## Task goal:
Given the records below, the lines starting at the line with "サルノリは最大個体値を1匹も持っていなかったため、今回歩き続けて何とかゲット。" and ending at the line with "1girlbottomlessbreastscleavagecumcum on bodycum" should be output exactly, both end lines kept and pictures left out.

## Data listing:
********

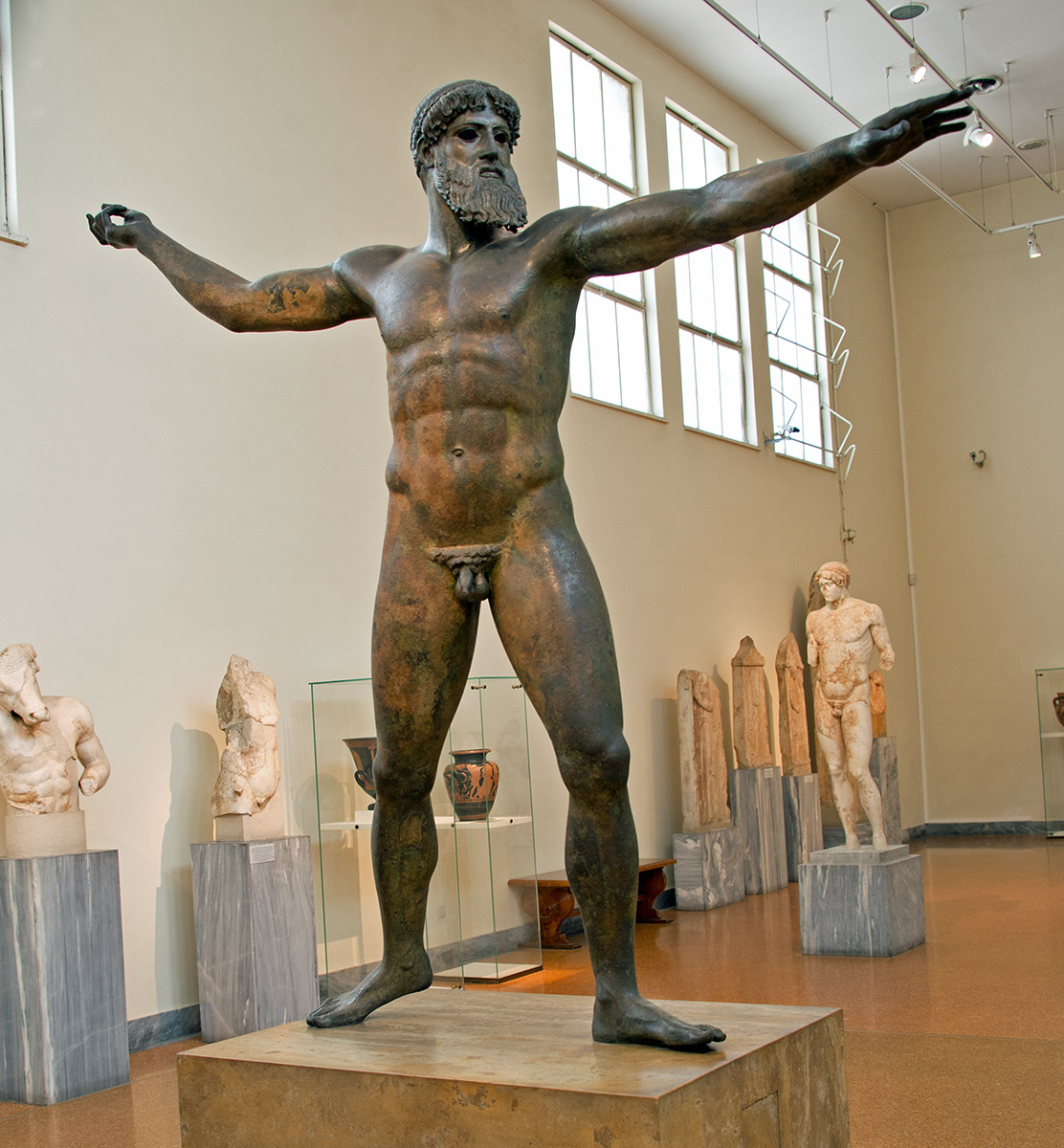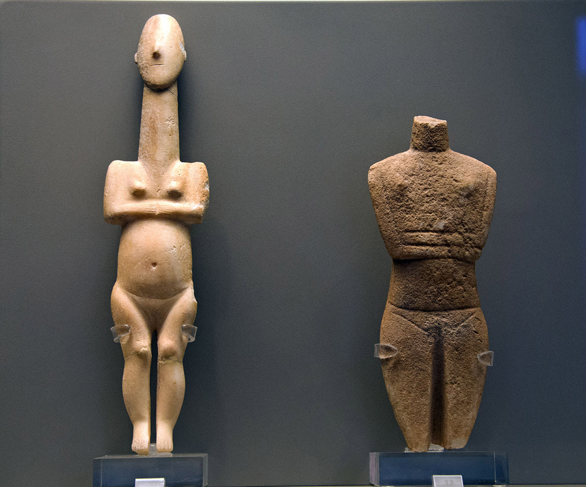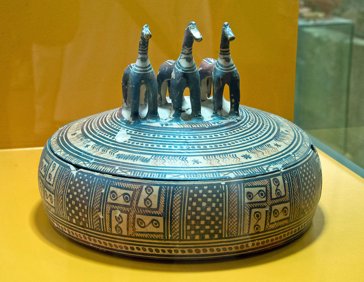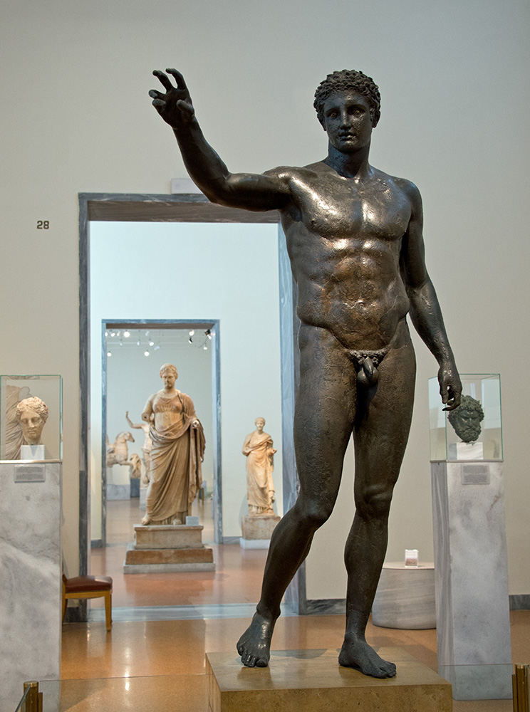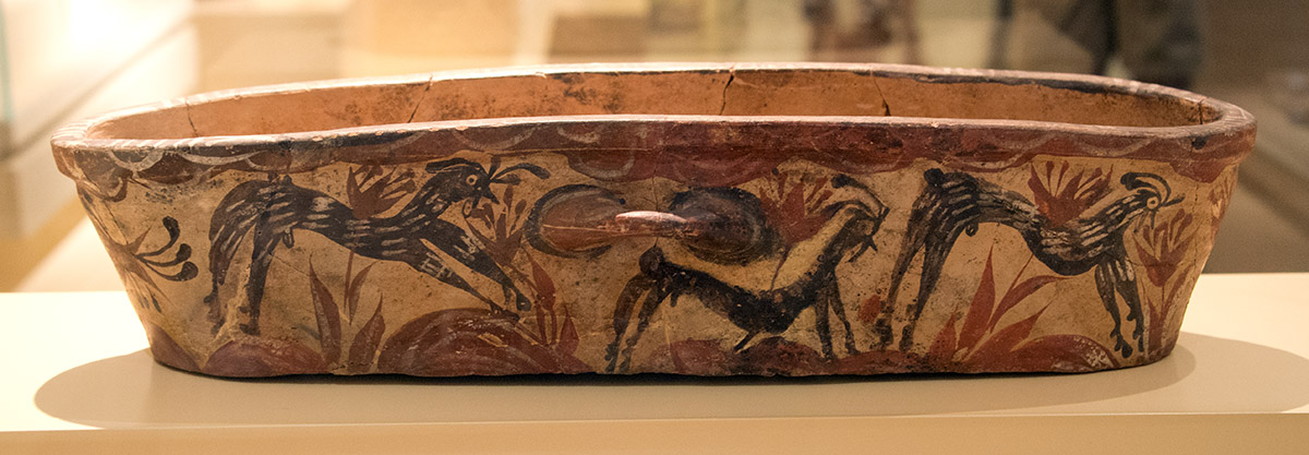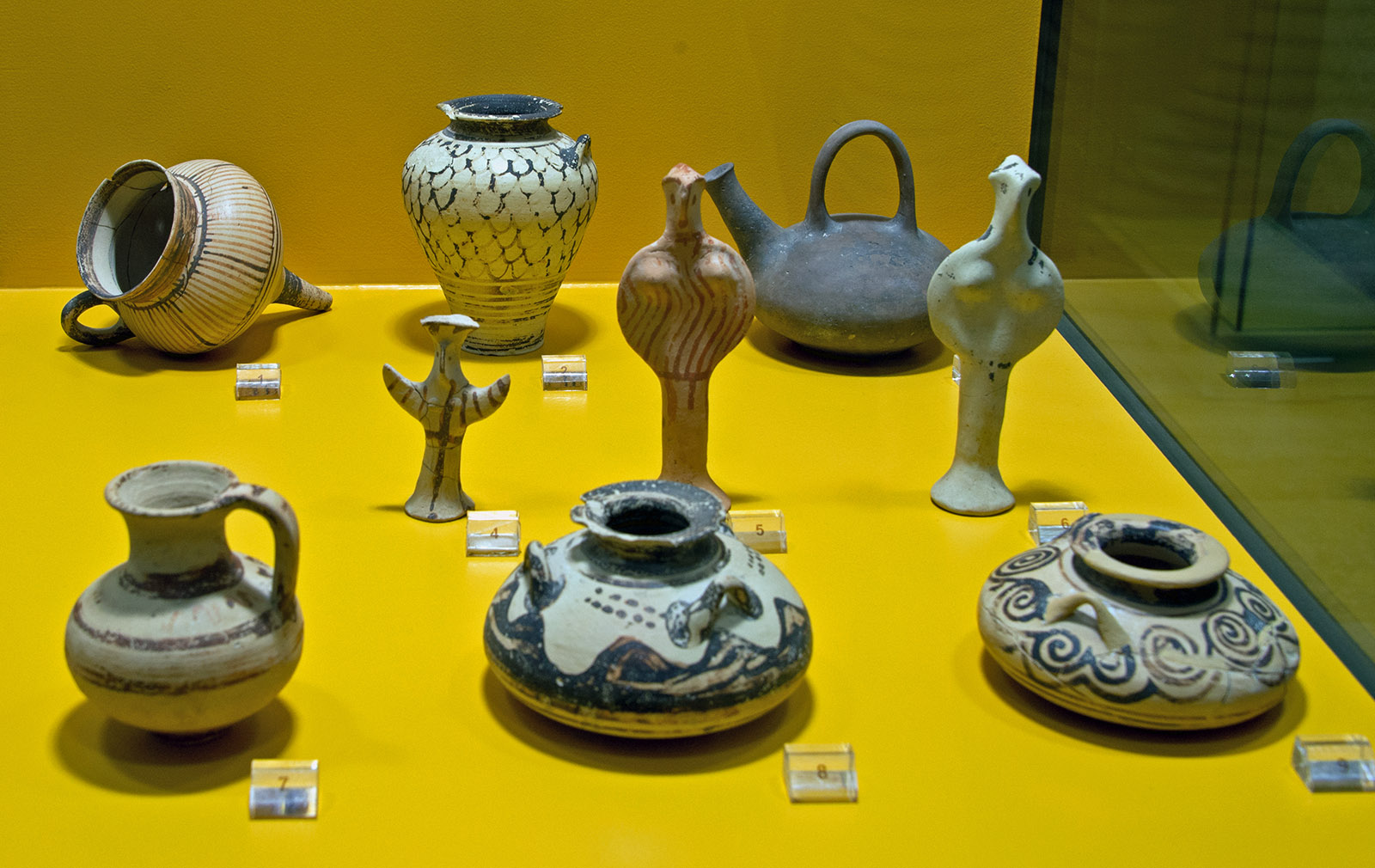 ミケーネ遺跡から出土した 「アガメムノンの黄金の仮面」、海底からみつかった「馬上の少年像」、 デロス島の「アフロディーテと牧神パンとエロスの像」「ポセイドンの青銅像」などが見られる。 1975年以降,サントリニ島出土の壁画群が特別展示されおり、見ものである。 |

********

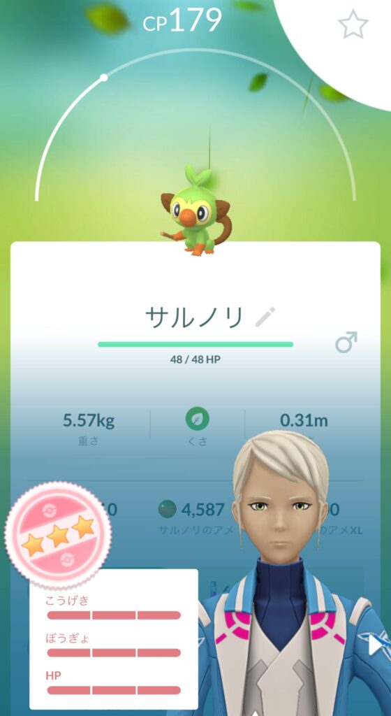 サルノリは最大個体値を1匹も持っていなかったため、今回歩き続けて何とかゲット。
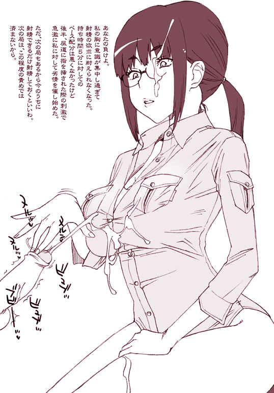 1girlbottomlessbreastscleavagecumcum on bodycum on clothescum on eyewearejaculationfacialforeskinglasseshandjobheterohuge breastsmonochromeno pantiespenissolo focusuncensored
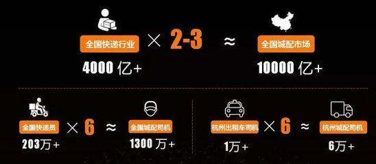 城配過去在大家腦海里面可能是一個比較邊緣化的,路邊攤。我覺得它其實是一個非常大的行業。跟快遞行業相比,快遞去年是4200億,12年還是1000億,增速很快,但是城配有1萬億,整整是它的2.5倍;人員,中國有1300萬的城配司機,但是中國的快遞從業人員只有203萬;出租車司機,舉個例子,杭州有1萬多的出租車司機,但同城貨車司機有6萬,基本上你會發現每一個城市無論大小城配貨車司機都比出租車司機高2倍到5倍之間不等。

********

## Solution to the problem:
 サルノリは最大個体値を1匹も持っていなかったため、今回歩き続けて何とかゲット。
 1girlbottomlessbreastscleavagecumcum on bodycum on clothescum on eyewearejaculationfacialforeskinglasseshandjobheterohuge breastsmonochromeno pantiespenissolo focusuncensored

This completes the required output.